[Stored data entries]
· · ·

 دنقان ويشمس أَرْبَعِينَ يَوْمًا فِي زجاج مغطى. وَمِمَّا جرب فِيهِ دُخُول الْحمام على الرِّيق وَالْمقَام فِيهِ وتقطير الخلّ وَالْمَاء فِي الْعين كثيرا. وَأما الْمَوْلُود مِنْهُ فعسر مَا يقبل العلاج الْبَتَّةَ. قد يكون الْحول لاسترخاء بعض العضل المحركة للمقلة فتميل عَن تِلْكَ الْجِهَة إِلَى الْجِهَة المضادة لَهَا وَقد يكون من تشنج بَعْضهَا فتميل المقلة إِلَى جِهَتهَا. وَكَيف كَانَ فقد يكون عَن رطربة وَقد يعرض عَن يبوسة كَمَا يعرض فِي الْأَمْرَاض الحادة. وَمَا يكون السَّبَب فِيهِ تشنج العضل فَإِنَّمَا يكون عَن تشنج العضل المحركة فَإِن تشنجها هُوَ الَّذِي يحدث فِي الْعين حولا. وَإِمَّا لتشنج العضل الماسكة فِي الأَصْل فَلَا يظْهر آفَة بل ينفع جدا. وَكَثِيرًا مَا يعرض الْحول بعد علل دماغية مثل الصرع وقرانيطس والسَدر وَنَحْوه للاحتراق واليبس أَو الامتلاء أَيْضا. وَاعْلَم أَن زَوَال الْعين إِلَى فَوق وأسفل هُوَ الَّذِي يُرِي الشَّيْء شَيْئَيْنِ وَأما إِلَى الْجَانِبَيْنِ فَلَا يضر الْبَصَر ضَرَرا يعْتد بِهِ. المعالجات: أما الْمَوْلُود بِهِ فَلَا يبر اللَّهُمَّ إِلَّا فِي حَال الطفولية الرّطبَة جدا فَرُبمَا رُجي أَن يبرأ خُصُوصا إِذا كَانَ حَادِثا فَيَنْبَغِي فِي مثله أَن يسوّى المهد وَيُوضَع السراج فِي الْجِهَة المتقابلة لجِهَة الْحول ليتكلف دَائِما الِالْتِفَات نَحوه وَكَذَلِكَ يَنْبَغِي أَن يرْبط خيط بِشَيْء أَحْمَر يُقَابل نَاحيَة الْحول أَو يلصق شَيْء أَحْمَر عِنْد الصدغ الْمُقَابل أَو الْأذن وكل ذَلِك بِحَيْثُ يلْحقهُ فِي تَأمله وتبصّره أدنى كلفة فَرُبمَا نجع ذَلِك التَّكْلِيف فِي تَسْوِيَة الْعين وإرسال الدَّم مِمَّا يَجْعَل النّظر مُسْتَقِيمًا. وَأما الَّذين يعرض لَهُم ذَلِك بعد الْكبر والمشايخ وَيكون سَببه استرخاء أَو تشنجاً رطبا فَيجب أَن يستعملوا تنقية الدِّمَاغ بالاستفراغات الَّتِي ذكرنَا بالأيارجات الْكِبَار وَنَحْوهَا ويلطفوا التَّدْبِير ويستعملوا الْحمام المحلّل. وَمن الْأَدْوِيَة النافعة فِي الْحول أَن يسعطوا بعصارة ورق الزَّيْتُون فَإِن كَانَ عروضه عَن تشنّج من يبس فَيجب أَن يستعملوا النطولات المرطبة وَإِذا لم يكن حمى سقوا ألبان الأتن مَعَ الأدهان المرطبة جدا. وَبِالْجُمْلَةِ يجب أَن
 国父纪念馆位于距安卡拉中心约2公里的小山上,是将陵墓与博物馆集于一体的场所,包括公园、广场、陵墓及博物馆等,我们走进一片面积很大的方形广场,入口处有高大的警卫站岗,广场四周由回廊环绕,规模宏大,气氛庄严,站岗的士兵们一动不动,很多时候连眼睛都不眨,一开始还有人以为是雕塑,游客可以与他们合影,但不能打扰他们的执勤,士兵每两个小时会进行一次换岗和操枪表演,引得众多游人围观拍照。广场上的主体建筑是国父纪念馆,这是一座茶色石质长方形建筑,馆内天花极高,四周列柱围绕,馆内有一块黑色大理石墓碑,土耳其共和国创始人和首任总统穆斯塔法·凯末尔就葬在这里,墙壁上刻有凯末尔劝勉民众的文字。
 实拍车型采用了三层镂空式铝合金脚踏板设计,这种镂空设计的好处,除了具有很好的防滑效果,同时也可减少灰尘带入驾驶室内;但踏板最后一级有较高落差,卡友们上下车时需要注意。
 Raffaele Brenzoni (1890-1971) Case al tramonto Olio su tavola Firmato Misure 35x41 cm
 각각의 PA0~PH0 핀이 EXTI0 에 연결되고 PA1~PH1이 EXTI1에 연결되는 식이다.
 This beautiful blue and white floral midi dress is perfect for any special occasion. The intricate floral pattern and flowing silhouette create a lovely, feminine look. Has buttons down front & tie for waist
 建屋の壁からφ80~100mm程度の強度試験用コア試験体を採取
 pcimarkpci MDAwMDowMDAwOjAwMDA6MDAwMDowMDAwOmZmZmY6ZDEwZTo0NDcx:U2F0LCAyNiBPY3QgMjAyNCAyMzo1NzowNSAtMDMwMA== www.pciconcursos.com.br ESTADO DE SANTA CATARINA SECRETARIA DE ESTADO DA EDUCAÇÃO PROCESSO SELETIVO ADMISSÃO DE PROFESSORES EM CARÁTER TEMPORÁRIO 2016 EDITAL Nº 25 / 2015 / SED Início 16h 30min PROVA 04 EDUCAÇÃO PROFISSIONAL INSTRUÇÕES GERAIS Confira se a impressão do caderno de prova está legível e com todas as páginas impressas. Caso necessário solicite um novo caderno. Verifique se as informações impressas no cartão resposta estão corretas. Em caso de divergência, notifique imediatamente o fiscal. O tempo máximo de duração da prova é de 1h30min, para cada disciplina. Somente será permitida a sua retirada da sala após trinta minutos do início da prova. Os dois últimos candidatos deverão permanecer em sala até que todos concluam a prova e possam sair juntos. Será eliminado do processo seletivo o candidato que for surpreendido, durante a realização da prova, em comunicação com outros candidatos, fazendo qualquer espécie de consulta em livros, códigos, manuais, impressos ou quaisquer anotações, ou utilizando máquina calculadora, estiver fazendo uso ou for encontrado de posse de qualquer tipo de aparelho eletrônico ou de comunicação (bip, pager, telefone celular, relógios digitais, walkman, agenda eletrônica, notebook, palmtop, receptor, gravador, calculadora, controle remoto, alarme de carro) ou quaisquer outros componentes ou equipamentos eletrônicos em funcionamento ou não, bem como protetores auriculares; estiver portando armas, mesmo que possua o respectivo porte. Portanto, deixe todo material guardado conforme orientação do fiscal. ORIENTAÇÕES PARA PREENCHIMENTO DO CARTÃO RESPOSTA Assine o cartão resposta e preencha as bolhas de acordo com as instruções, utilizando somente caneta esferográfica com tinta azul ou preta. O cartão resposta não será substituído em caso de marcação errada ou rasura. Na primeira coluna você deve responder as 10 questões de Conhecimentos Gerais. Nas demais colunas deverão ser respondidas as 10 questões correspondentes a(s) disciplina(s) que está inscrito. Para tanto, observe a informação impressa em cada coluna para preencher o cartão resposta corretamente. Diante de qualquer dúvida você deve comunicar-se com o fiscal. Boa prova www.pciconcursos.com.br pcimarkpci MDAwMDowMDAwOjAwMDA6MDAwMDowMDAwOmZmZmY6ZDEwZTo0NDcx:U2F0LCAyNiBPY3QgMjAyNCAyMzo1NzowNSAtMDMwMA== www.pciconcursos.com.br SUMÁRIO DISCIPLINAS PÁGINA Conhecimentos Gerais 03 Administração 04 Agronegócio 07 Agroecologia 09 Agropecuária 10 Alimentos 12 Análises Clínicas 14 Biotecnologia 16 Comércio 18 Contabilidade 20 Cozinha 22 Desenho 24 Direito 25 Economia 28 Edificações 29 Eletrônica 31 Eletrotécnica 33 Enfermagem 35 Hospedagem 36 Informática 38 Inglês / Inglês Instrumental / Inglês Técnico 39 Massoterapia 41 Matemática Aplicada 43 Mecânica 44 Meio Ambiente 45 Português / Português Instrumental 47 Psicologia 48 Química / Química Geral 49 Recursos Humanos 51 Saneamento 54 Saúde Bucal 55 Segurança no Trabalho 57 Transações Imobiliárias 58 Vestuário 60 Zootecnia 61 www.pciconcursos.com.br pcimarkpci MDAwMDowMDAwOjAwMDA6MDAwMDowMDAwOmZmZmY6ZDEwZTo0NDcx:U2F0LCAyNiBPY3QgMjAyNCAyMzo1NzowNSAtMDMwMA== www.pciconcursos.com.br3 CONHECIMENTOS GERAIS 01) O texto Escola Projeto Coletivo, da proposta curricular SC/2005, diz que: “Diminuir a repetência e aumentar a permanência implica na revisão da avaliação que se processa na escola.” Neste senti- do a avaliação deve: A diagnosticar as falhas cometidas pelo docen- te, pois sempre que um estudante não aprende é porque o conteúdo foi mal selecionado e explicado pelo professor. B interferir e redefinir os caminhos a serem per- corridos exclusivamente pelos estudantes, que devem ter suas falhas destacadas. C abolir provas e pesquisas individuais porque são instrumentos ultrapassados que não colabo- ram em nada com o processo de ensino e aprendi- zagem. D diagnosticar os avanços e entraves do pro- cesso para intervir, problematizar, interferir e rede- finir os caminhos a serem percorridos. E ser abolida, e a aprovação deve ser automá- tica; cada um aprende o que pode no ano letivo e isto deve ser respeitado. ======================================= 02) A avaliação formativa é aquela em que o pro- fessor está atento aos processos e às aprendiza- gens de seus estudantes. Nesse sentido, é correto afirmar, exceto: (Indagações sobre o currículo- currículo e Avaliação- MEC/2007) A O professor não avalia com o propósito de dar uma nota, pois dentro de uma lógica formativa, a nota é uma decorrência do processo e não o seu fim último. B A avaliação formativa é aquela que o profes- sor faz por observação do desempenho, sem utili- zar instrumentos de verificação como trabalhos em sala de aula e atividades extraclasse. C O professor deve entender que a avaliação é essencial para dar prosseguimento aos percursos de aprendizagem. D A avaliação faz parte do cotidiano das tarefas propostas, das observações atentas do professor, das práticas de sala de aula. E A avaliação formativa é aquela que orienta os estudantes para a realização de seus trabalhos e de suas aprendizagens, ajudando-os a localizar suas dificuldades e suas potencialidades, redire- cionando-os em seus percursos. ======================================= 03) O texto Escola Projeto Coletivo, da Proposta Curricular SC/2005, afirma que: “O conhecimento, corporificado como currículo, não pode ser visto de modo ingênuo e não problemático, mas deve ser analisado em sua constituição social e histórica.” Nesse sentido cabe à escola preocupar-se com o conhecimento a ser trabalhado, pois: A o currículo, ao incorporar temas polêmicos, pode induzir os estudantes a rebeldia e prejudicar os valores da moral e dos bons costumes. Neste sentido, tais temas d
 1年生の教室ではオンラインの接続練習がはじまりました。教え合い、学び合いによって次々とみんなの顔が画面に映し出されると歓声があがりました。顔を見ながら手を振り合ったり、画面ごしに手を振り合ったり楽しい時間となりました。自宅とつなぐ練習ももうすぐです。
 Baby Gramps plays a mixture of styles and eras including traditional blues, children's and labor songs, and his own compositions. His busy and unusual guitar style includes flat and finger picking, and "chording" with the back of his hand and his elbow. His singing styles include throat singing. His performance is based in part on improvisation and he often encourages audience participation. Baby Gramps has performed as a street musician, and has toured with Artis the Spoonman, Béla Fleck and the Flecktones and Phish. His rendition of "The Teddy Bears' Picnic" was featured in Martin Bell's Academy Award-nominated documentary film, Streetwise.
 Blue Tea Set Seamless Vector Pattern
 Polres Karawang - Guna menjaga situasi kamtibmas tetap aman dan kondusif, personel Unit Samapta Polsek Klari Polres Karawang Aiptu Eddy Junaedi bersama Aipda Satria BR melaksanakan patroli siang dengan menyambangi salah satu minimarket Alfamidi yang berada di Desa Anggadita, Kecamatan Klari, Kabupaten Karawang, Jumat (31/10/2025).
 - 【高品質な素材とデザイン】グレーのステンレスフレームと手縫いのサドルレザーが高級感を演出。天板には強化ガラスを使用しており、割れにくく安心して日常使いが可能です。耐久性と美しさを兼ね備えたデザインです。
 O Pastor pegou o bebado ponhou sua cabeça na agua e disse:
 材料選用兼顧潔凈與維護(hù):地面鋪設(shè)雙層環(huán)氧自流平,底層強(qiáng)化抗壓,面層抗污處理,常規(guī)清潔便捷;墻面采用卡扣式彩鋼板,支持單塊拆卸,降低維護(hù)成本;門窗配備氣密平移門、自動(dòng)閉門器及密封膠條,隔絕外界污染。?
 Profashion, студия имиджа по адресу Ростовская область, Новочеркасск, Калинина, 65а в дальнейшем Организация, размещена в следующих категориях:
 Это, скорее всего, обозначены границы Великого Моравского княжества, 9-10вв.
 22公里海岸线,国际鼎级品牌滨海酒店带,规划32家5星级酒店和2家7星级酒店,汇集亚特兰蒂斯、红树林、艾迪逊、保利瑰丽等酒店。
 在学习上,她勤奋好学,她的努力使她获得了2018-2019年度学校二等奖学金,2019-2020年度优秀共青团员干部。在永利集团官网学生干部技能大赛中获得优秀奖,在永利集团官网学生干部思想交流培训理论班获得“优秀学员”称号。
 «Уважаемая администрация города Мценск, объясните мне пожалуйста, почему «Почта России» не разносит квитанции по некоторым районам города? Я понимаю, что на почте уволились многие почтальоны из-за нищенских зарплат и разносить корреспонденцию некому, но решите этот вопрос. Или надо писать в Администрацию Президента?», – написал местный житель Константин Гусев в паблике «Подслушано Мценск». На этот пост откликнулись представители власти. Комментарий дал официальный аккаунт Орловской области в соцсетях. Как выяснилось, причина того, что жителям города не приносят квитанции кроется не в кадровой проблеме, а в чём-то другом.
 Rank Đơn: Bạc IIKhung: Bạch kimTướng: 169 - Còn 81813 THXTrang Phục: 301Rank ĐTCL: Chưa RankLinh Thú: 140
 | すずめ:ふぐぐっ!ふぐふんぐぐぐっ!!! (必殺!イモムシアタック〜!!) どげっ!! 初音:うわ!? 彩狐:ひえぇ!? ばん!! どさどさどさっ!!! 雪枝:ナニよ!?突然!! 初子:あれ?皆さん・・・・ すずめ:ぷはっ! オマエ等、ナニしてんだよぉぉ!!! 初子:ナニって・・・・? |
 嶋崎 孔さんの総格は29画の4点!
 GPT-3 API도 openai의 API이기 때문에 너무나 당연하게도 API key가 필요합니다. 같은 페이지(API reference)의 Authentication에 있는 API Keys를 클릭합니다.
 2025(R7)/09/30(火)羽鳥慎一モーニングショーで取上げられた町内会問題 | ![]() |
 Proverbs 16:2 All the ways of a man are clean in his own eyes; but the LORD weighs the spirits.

· · ·

▶ [YOUR GOAL] The lines above from the one with "This beautiful blue" through the one with "建屋の壁からφ80~100mm程度の強度試験用コア試験体を採取" are to be duplicated exactly, ends included, with nothing added.

▶ [ANSWER TO THIS EXERCISE]
 This beautiful blue and white floral midi dress is perfect for any special occasion. The intricate floral pattern and flowing silhouette create a lovely, feminine look. Has buttons down front & tie for waist
 建屋の壁からφ80~100mm程度の強度試験用コア試験体を採取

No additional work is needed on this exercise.